- Education: Brompton Hospital
- Scientific career
- Workplaces: University College London Royal Free Hospital St John & St Elizabeth Hospital

= Margaret Johnson (scientist) =

British physician

Margaret Johnson is a British physician who is a consultant in thoracic medicine and chair of the St John & St Elizabeth Hospital. In the late 1980s, she was the first dedicated HIV doctor at the Royal Free Hospital.

== Early life and education ==
Johnson trained in medicine at the Royal Brompton Hospital. She completed her research doctorate degree in breathlessness.

== Research and career ==
In the late 1980s, Johnson was the first doctor in the Royal Free Hospital to specialise in HIV/AIDS. At the time, she was one of the UK's few dedicated doctors who were trying to understand HIV when one in ten patients at the Royal Free Hospital with HIV died from the condition. She developed a holistic care programme that could accommodate thousands of patients.

In 2005, Johnson was named professor of medicine at University College London. Johnson studied the prevalence of HIV/AIDS in women. She set up the UK's first HIV testing clinic for women. She worked with Jane Anderson on creating the BHIVA guidelines on managing women with HIV.

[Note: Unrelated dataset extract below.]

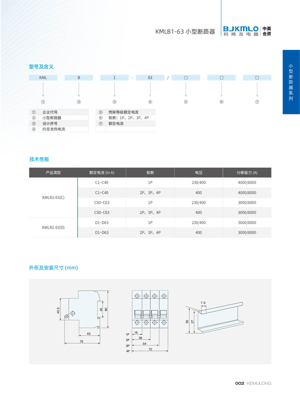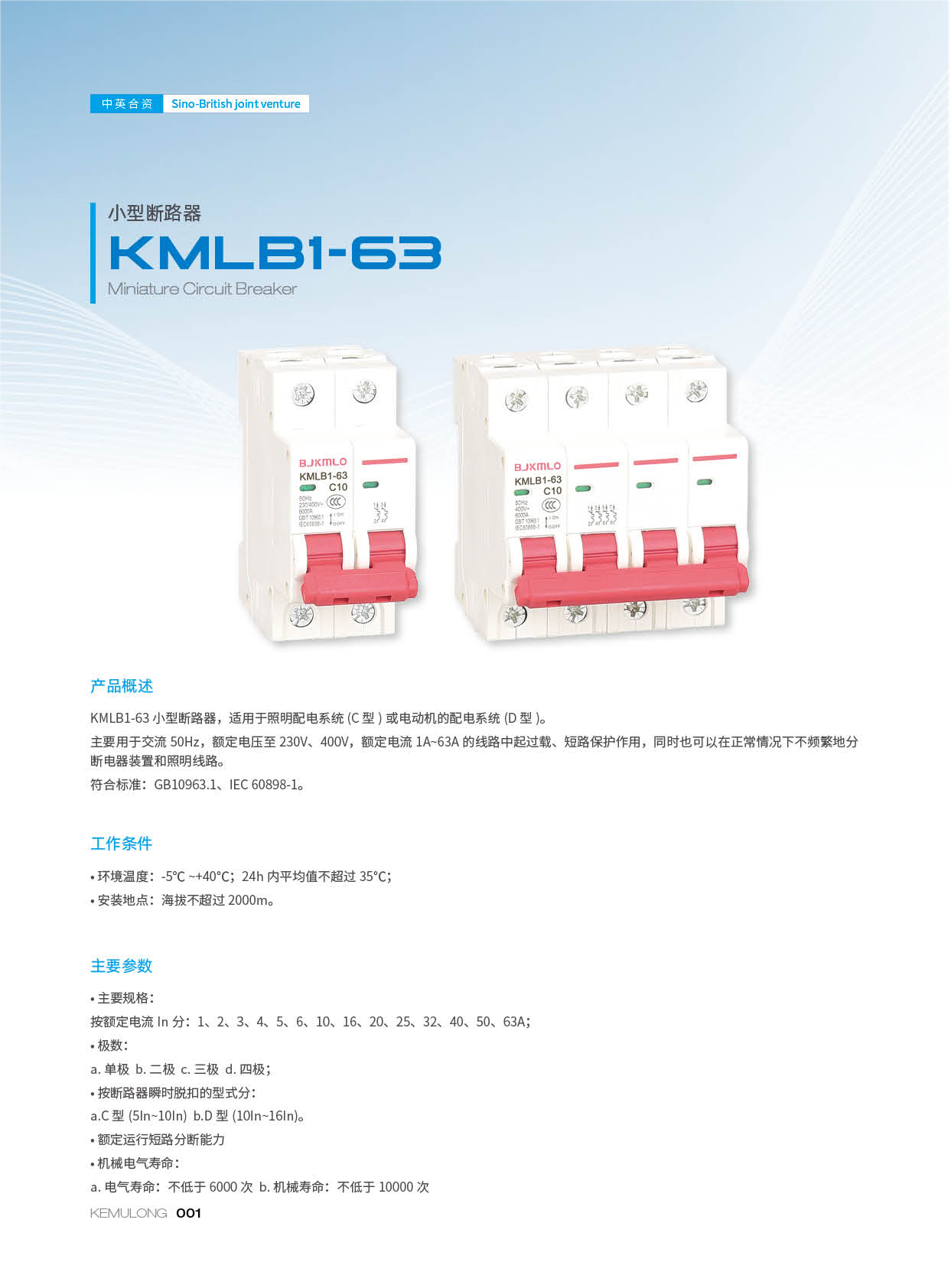 KMLB1-63 小型断路器,适用于照明配电系统(C型)或电动机的配电系统(D型)。主要用于交流 50Hz,额定电压至 230V、400V,额定电流 1A~63A 的线路中起过载、短路保护作用,同时也可以在正常情况下不频繁地分断电器装置和照明线路。

Johnson was medical director of the Royal Free London NHS Foundation Trust and elected academic vice president of the Royal College of Physicians in 2015. She served as an advisor for the Channel 4 drama It's a Sin.

== Awards and honours ==
- 2004 Elected chairman of the British HIV Association
- 2010 Elected to the council of the Royal College of Physicians
- 2015 Elected vice president of the Royal College of Physicians
- 2022 Appointed an Order of the British Empire in the Platinum Jubilee of Elizabeth II

== Selected publications ==
- B G Gazzard (2008). "British HIV Association Guidelines for the treatment of HIV-1-infected adults with antiretroviral therapy 2008"
- Margaret May (2011). "Impact of late diagnosis and treatment on life expectancy in people with HIV-1: UK Collaborative HIV Cohort (UK CHIC) Study"
- Ann K Sullivan (2005). "Newly diagnosed HIV infections: review in UK and Ireland"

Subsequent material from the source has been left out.